To give him credit, it took him a moment to assimilate her answer. “I beg your pardon?”
She gave him a tight smile. “I said no.”
He blinked.
“I told you before, Alex, that I’ll not be your mistress. Nothing has changed. Nothing at all.”
“But last night—”
“Was lovely. Wonderful, even, but meant for my pleasure, nothing more.”
She looked down at her plate, picking up her fork again and nonchalantly taking a bite. Of course, she had to work to steady her hands. Had to force herself to breathe. To keep a slight smile on her face as she chewed and chewed and chewed, realizing too late that her mouth was so dry, she couldn’t swallow.
“You cannot be serious.”
And that angered her enough to force the food down in a gulp. It truly did. Why the blazes should a man get upset when a woman did to him what a man more often did to a woman? “Indeed, I am, my lord.”
“But I thought—”
“That I would allow you liberties with my body simply because I am not good enough to wed?”
“No, no—”
“Then what, my lord? What did you think?”
“To be honest, Mary, I didn’t think about anything other than making love to you. And this morning—” He paused for a moment. “This morning I sought only to assure you that last night was no passing fancy on my part.”
And she realized then, that in his own way, he was only trying to be kind. She stared at him, so many emotions—love, sorrow, pain—holding her silent as she fought for words to say. And yet one thought floated to the top, a bobbing apple she could not ignore.
She would have to leave today. Immediately. For the truth of the matter was, it would break her heart to stay longer. Her throat tightened as a boulder-sized lump of silent sobs filled it.
“Alex, I—”
“There you are.”
They both jumped. Alex was the first to look away, the first to say, “Rein. What the blazes are you doing here?”
And Mary was almost glad for the interruption.
“I’m delivering this.” Rein said, holding out a letter. “It was forwarded from Wainridge for Mary, along with a message from the duke, Alex, saying that he’s glad you are well.”
Mary looked at Rein, the letter he held sending off a warning bell so loud, she hardly registered that Gabby was well.
“Thank you,” she said as he came forward, and she recognized the penmanship on the front.

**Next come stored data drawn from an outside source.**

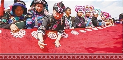 就在2023年的第四屆長(zhǎng)三角國(guó)際文化產(chǎn)業(yè)博覽會(huì)上,李濟(jì)雁和其他21位來(lái)自永仁的彝族繡娘現(xiàn)場(chǎng)哼著歌、唱著曲,穿針引線、展示刺繡絕活,成為展會(huì)上的亮麗風(fēng)景。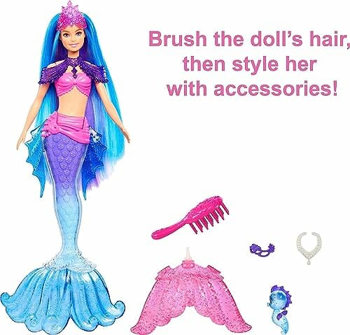 Ta wyjątkowa lalka Barbie zapewni Twojemu dziecku wiele godzin zabawy. Dzięki wymienialnym płetwom i szczotce do włosów Twoje dziecko będzie mogło stworzyć wyjątkowy wygląd swojej lalki. Dodatkowo, lalka ma wiele akcesoriów, które pozwolą Twojemu dziecku wyobrazić sobie, że jest syrenką.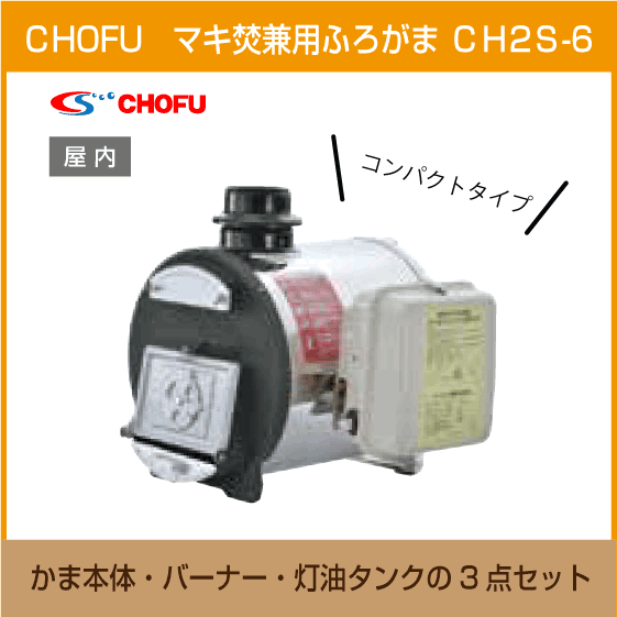 > マキ焚兼用ふろがま 焼却兼用釜 CH2S-6 コンパクトタイプ 本体・バーナー・灯油タンク 3点セット CHOFU 長府製作所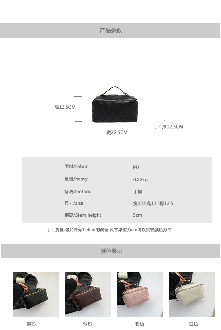 화장품 가방 고급 바둑판 방수 여행 화장품 보관 상자 휴대용 대용량 세척 가방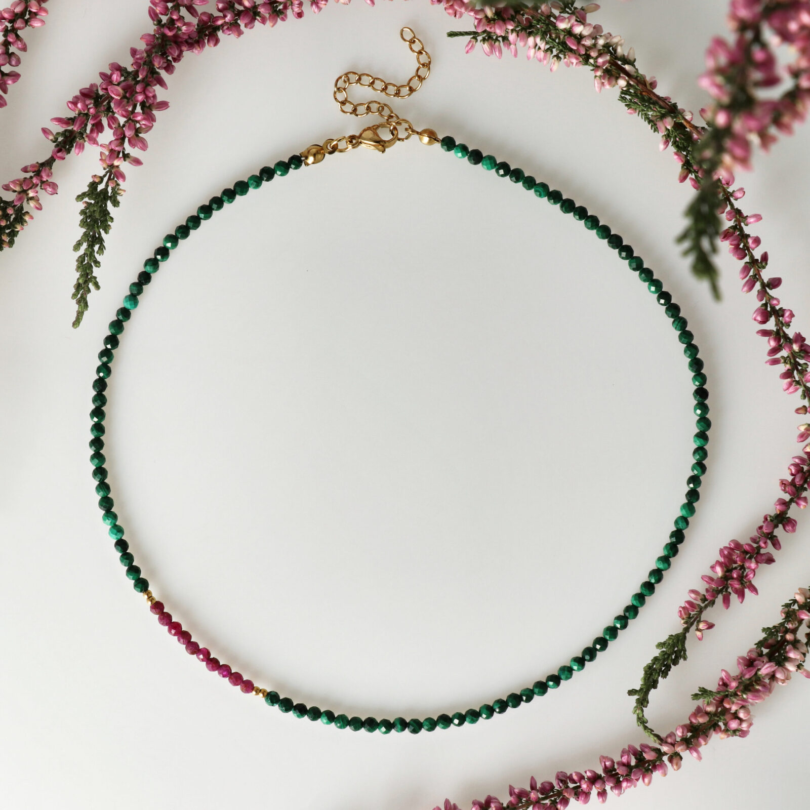 Poznaj nasz klasyczny naszyjnik, wykonany z kamieni Malachitu oraz Rubinu, które razem tworzą unikalną, energetyczną kompozycję. Połączenie tych kamieni harmonizuje energię, wspierając rozwój osobisty oraz ochronę przed negatywnymi wpływami zewnętrznymi. Naszyjnik ma formę delikatnego, subtelnego chokera z możliwością regulacji długości, dzięki czemu łatwo dopasować go do indywidualnych preferencji. To idealny wybór dla osób ceniących zarówno piękno, jak i głębokie znaczenie kryształów.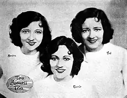 The Boswell Sisters were an American close harmony singing trio of the jazz and swing eras, consisting of three sisters: Martha Boswell (June 9, 1905 – July 2, 1958), Connie Boswell (later spelled "Connee", December 3, 1907 – October 11, 1976), and Helvetia "Vet" Boswell (May 20, 1911 – November 12, 1988). Hailing from uptown New Orleans, the group blended intricate harmonies and song arrangements featuring effects such as scat, instrumental imitation, ‘Boswellese’ gibberish, tempo and meter changes, major/minor juxtaposition, key changes, and incorporation of sections from other songs.[1] They attained national prominence in the United States in the 1930s during the twilight of the Jazz Age and the onset of the Great Depression.[2]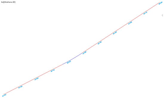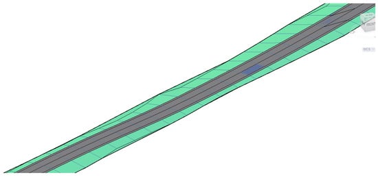 The same selected motorway segment was also processed in Civil3D® to extend the BIM uses of the I-BIM-based maintenance management vision to the intervention design. Taking advantage of the software interoperability, the three-dimensional alignment (Figure 5) and the cross-section of the road defined in Section 4.1 were exchanged between the two environments.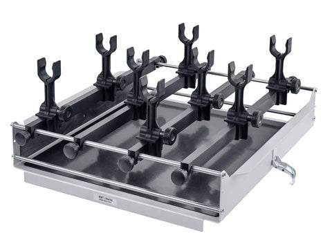 For shaking out, eluting, extracting, gassing out, dissolving, enriching, etc. Adjustment for the clamping rolls is infinitely variable, the set-up height can be changed by means of clamping devices. This attachment will hold 4 x 1,000 ml separating funnels.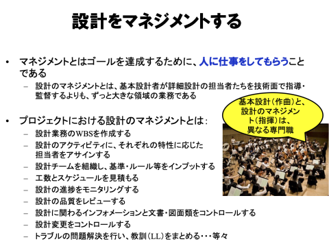 講演では大規模プロジェクトのプロマネを、オーケストラの指揮者にたとえましたが、作曲家(=設計者)と指揮者は別の職能です。作曲者がタクトを振るのがいつでも最善、とは限りません。設計の能力と、設計マネジメントの能力はまったく別物だからです。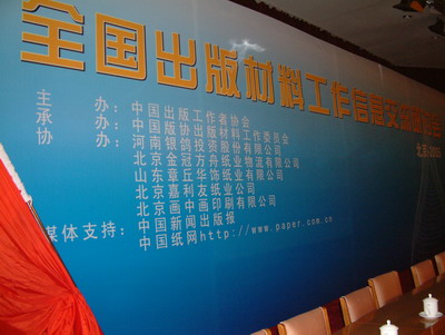 今天會議的主要內(nèi)容有,中國出版工作者協(xié)會及版協(xié)出版材料工作委員會的領(lǐng)導(dǎo)做工作報告,傳達新聞出版署在中國版協(xié)會議上的講話。河南銀鴿、北京金冠方舟紙業(yè)物流有限公司、北京畫中畫印刷的代表致辭。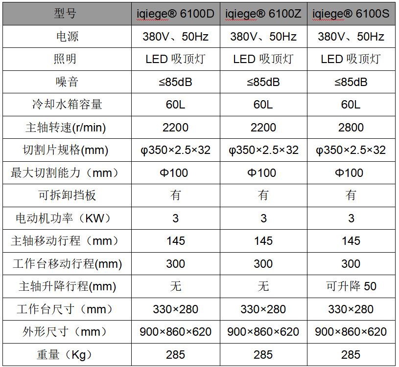 iqiege® 6100系列手自一體式切割機(jī)是由機(jī)身、電控箱、切割室、電機(jī)、冷卻系統(tǒng)、切割砂輪片等部件組成。本系列切割機(jī)不但可以切割直徑為100mm以內(nèi)的圓形工件,還可以切割高70mm、寬100mm以內(nèi)的長(zhǎng)方形試樣。另外,個(gè)別機(jī)型可根據(jù)鋸片消耗量,實(shí)時(shí)調(diào)整主軸高度。該系列切割機(jī)通過(guò)冷卻系統(tǒng)對(duì)試樣進(jìn)行冷卻,以防止試樣在切割過(guò)程中過(guò)熱而燒壞組織。可以切割試樣選擇3種不同的切割模式,并能對(duì)切割進(jìn)給速度和切割行程進(jìn)行設(shè)定,從而提高了切割試樣的質(zhì)量。該系列切割機(jī)分手動(dòng)切割和自動(dòng)切割。并具有安全保護(hù)和運(yùn)行提示功能,更便于人機(jī)的對(duì)話。大容積的切割室,更便于切割者使用,是大專(zhuān)院校、工廠企業(yè)金相試驗(yàn)必備的取樣設(shè)備之一。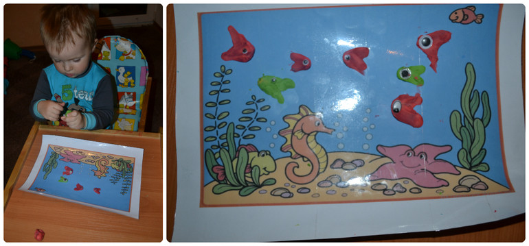Для занятия с пластилином я распечатала страничку - морское дно из книжки «Это может Ваш малыш -Учимся лепить» и обклеила ее скотчем. Подготовила заготовки шариков из пластилина и достала пластиковые глазки (заранее мной купленные). Даня просто обожаем заниматься с массой для лепки и пластилином, поэтому игру воспринял с интересом.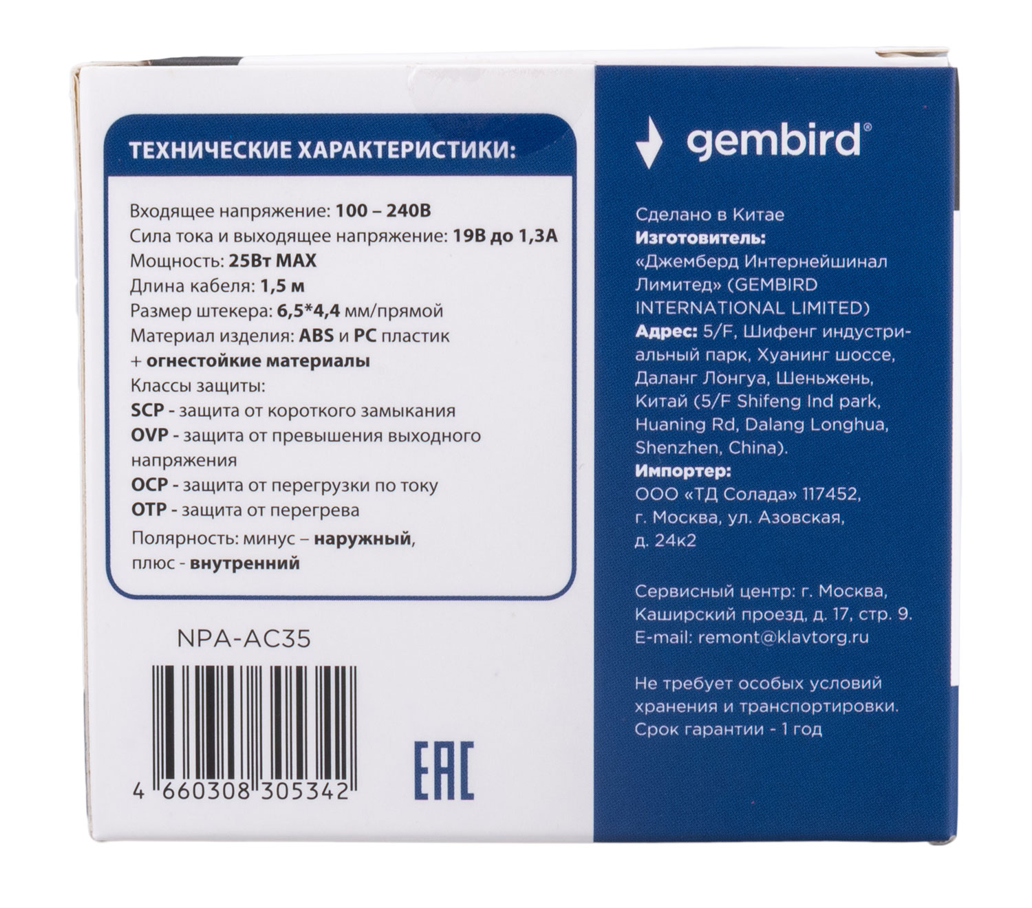 Длина кабеля: 1.5 м

John Lasker. The note must be from her father.
She took it from Rein’s outstretched hand. “You’re looking well this morning, Mrs. Callahan. Did you pass a pleasant evening?”
“Rein,” Alex shot, giving his cousin a horrified stare.
But Mary paid him little heed. She was too busy staring at the letter.
“Would you like some privacy to read?” Alex asked. “No, I—” And something gave within Mary, something dark and heavy and that produced another lump in her throat. “Alex, I’d like to talk to you.” She glanced at Rein. “Alone.”
“That good in bed, was he?”
“Rein,” Alex cried again.
Mary ignored the two, holding Alex’s gaze. Her heart began to beat as it did just before a performance. And, indeed, this would be a performance, the hardest of her life. She had to pry her gaze away from his, had to swallow once before she said to Rein, “Please, my lord.”
Rein’s brow lifted up, the other followed a second later. “Like that, is it? Hmm. I might have known. Very well, I shall leave you be. For a moment.”
And with a small bow and a sardonic look that promised many more crass comments, he left the room. Alex said, “You look rather dire.”